Strength and Conditioning Programs for Wildland Firefighters

Warm Up Routine

Learn The Best Way to Warm Up for a Run

Right over left and down for 10? Save that one for after the workout

Old habits are hard to break, especially when it comes to routines that many of us have been doing since Pop Warner Football and Little League. A growing body of research on athletic performance has shown that the traditional way of warming up for exercise isn’t just ineffective – it might actually negatively impact performance.

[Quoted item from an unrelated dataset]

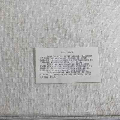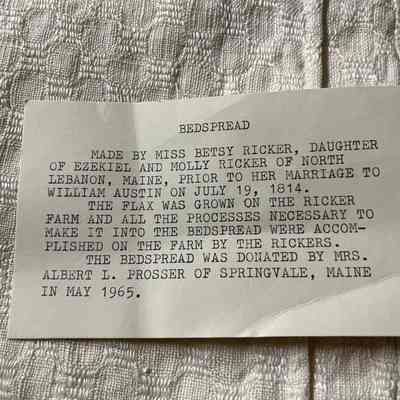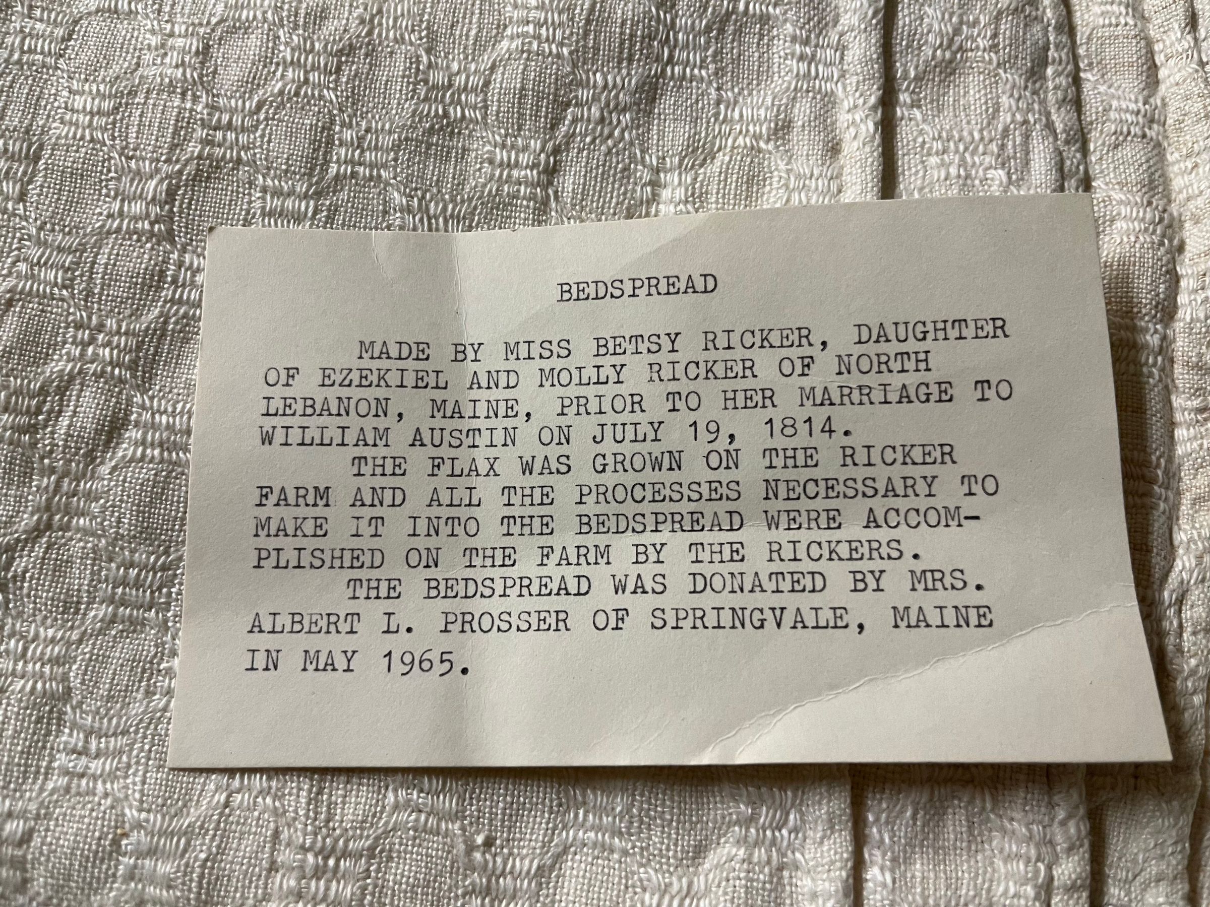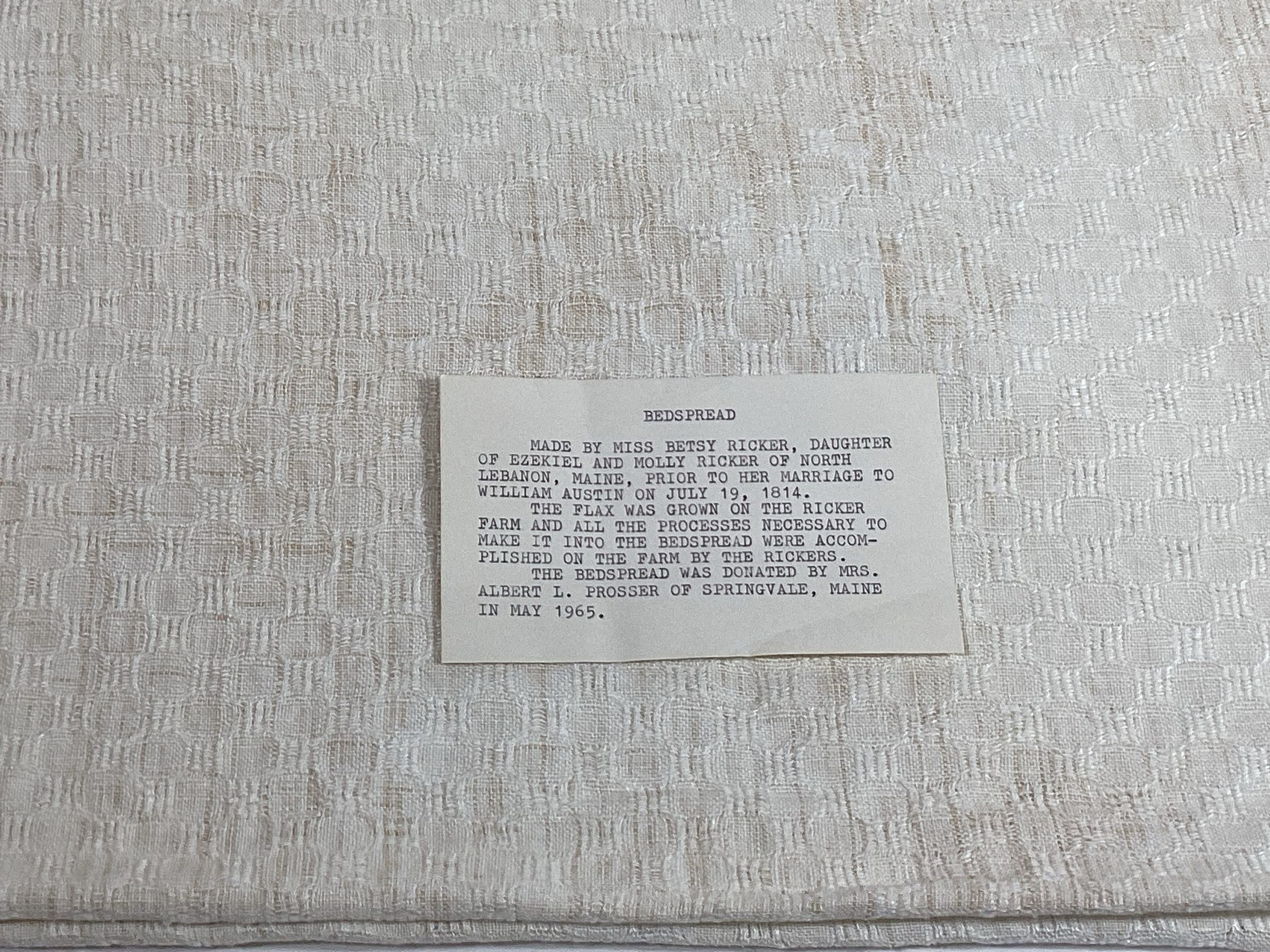 The history accompanying this coverlet (also called a counterpane) states that it was made by Betsy Ricker prior to her marriage to William Austin on July 19, 1814. According to the history, the flax was grown on the Ricker farm and all the processes necessary to make it into the bedspread were accomplished on the farm by the Rickers.

What do we mean by a traditional warmup? The old way of “warming up” was based upon a series of static stretches like toe touches, butterflies, and standing quad stretches. Usually, they’d be done for a ten count, repeated once or twice, then you’d move on to the next stretch. The problem is that simply taking tight, cold muscles and tugging on them doesn’t really do that much good.

A recent study at the University of Nevada, Las Vegas confirmed that the force an athlete was able to generate was markedly decreased by static stretching compared to other athletes in the group who completed the same tasks without stretching at all. Static stretching actually hindered their performance!

It’s important to realize what the point of a warmup is. “It should loosen muscles and tendons to increase the range of motion of various joints, and literally warm-up the body” (Reynolds, 2008).

Unlike a lion, tiger or a crazed housecat, the human body struggles to go from sedentary to active immediately. It needs a period of transition in order to achieve optimum results. If you’re struggling on runs and hikes, it could be due to a poor warmup.

Think about it from a physiological point of view. When you’re scared, the brain dumps adrenaline into the body, and blood is rushed to the limbs. Heart rate increases, and body temperature rises in anticipation of intense physical exertion. When the body knows it’s going to be working hard, it does all those things.

Unless you want to terrify yourself before the start of each workout, you’re going to need to artificially replicate those physiological changes. And you do that by warming up.

We found a great video on documenting the basis for an effective dynamic stretching routine. While the warmup was designed for runners, it’ll help get your body ready for a hiking workout as well. Here’s the routine:

Running Warm Up

  • Very light jog: 3-5 minutes or a combination of jumping jacks or jump rope, etc.
  • Walking Lunges
  • Leg Lifts (10x per leg)
  • Butt Kickers (10x per leg)
  • Pike Stretch (10x per leg)
  • Hackey Sack (10x per leg)
  • Toy Soldier (10x per leg)


“Stretching the Truth” Gretchen Reynolds, New York Times, 11/02/2008.